Les addictions : un mouvement irrépressible, débordant... On peut s’interroger sur l’intervention de l’Etat, avec application de dispositifs souvent très répressifs (interdiction de fait des blogs pro ana), dans la régulation de nos existences et la préservation de l’ordre sexuel. La société écolo-hygiéniste poursuit en fait deux objectifs : nous exproprier de notre vie et de notre mort en nous déresponsabilisant; nous dicter aussi notre identité…, soyez homme ou femme et surtout bons parents.

Si l’on prend le cas le plus marquant, celui de l’anorexie, 50 à 60 000 femmes en France souffriraient d’anorexie grave. Sur ces 50 000, 15 % sont appelées à décéder, soit environ 7 000. Plus largement, ce serait près de 2 % de la population féminine qui serait concernée par l’anorexie, ce qui représenterait tout de même plus de 600 000 personnes. Chiffres impressionnants : imaginons la ville de Nantes et son agglomération entièrement peuplée d’anorexiques. Leur fiabilité est certes contestable mais ils donnent néanmoins le sentiment d’une véritable épidémie.


Les analyses les plus simplistes évoquent l’impact de la publicité et de la mode.


Le processus est en fait exactement inverse. On ne devient pas anorexique pour se conformer à un modèle mais au contraire parce que l’on refuse un modèle, le modèle de la cellule familiale et de la relation sexuelle duelle vouée à la reproduction.

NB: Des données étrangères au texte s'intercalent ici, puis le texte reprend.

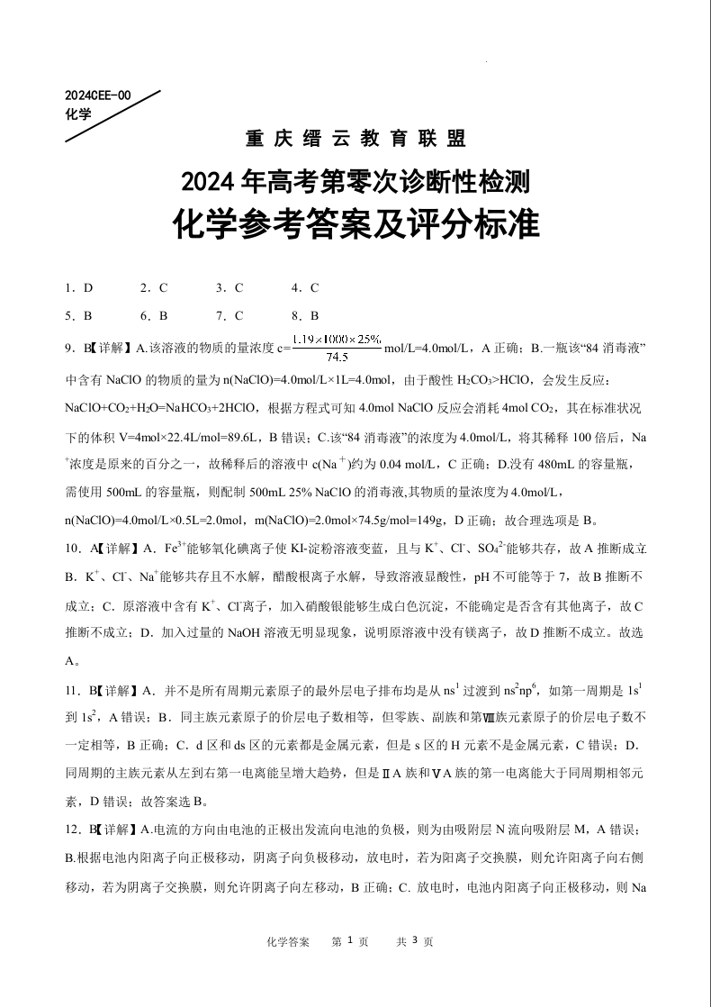 重庆市缙云教育联盟2024届高三上学期第零次诊断性检测化学答案

Le développement de l’anorexie traduit en fait l’émergence d’une sexualité nouvelle, en dehors du couple et de la procréation.


La sexualité humaine n’est aujourd’hui pensée qu’en termes de choix d’objet, d’orientation hétérosexuelle ou homosexuelle. Tout tourne autour de l’idée d’un couple et d’une parentalité et il s’agit toujours de préserver le cocon familial et la dualité sexuelle. Il n’y a que deux sexes, affirme-t-on et le débat est définitivement clos.


C’est cela, ce monde incestueux et fermé de la famille, que refuse absolument l’anorexique. Elle est une révolutionnaire : pour elle, la sexualité va au-delà de l’opposition des deux sexes, elle est multiple, infinie.












Justine Kurland
Comme les schizophrènes de Deleuze et les transsexuels de Stoller (et j’ajouterai évidemment les vampires), l’anorexique permet de concevoir une sexualité sans objet. Non pas l’appropriation, la conquête d’un autre, mais la pure extase d’un rôle, d’un jeu, d’un personnage endossé, bref de la séduction.

La diffraction, pulvérisation de l’identité féminine…la simple affirmation de la plénitude d’une existence dans la succession de ses masques.

Certes, le masque de l’anorexique est terrifiant, effroyable. Cependant, le message véhiculé n’est peut être pas totalement négatif. J’apporterai mon témoignage : les anorexiques sont des personnes très douces, radicalement non violentes. Leur jeûne évoque ceux de Gandhi dans sa lutte contre l’empire britannique.